# DATA BELOW:
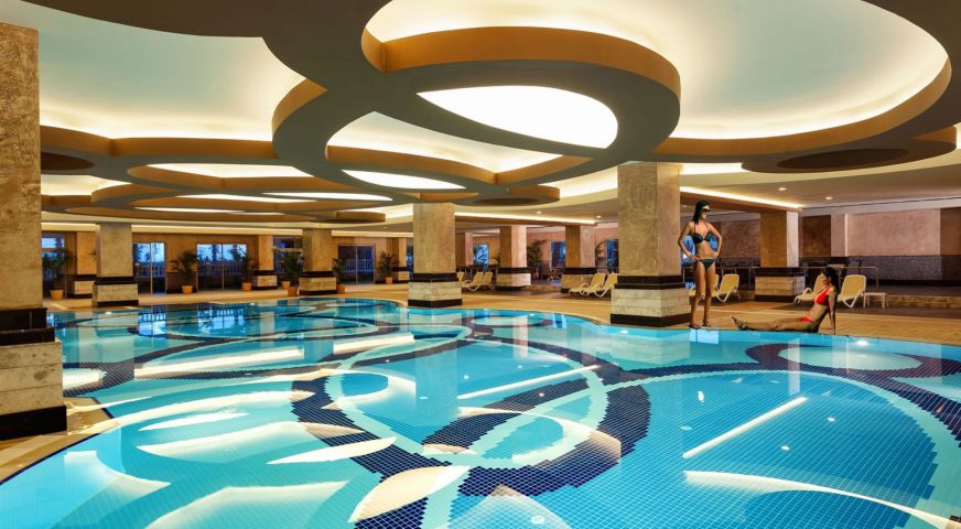 На разположение на гостите на хотела са открит басейн, закрит басейн, 6 водни пързалки, лекарски кабинет, SPA център, фризьорски салон, магазини, пералня, химическо чистене. Безплатни услуги: турска баня, сауна, фитнес зала, аеробика, водна аеробика, волейбол на плажа, мини футбол (на плажа), тенис на маса, дартс, боча, стрелба с пневматично оръжие, анимационна програма, музика на живо (3 пъти седмично), дискотека, безжичен интернет (в лоби). Платени услуги: масаж, боулинг (2 писти), билярд, игрални автомати, интернет кафе, водни спортове
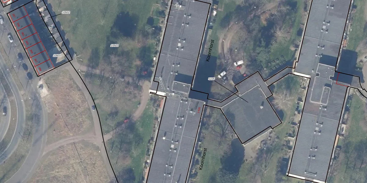 Het perceel waarop Koornhorst 325 staat heeft een oppervlakte van 5615 m². Dit is een zeer groot perceel. De perceeloppervlakte wordt geregistreerd door het Kadaster. Gedetailleerde informatie over de maten van dit perceel kunt u vinden in het rapport Kadastrale kaart met maatvoering van Koornhorst 325.
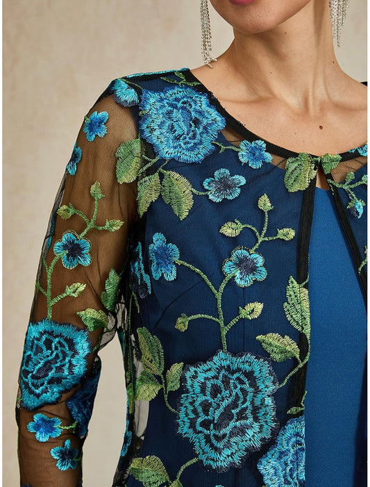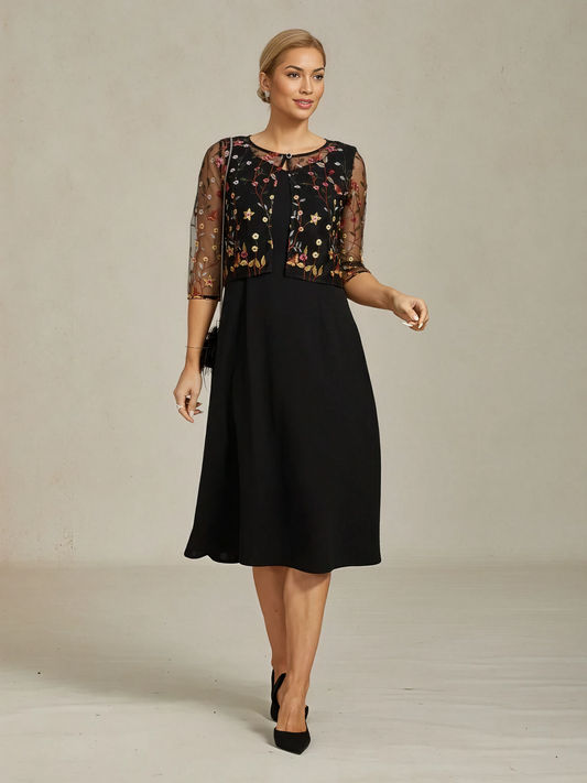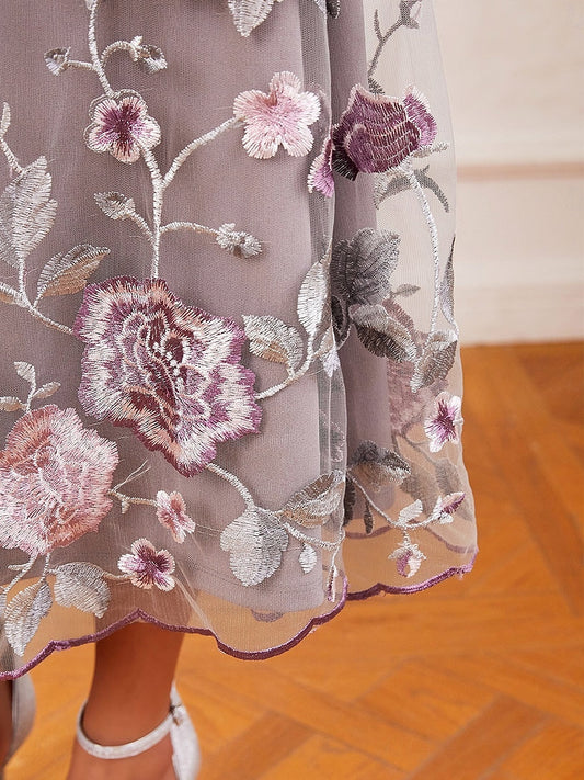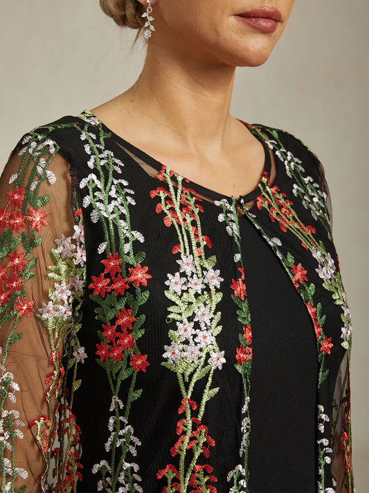 Mesh Lace Embroidered Floral Dress Set

# WORK INSTRUCTION:
In your copy, include no pictures and only the lines from the line with "Het perceel waarop" through the final line of the listing above, reproduced exactly.

# RESPONSE:
 Het perceel waarop Koornhorst 325 staat heeft een oppervlakte van 5615 m². Dit is een zeer groot perceel. De perceeloppervlakte wordt geregistreerd door het Kadaster. Gedetailleerde informatie over de maten van dit perceel kunt u vinden in het rapport Kadastrale kaart met maatvoering van Koornhorst 325.
 Mesh Lace Embroidered Floral Dress Set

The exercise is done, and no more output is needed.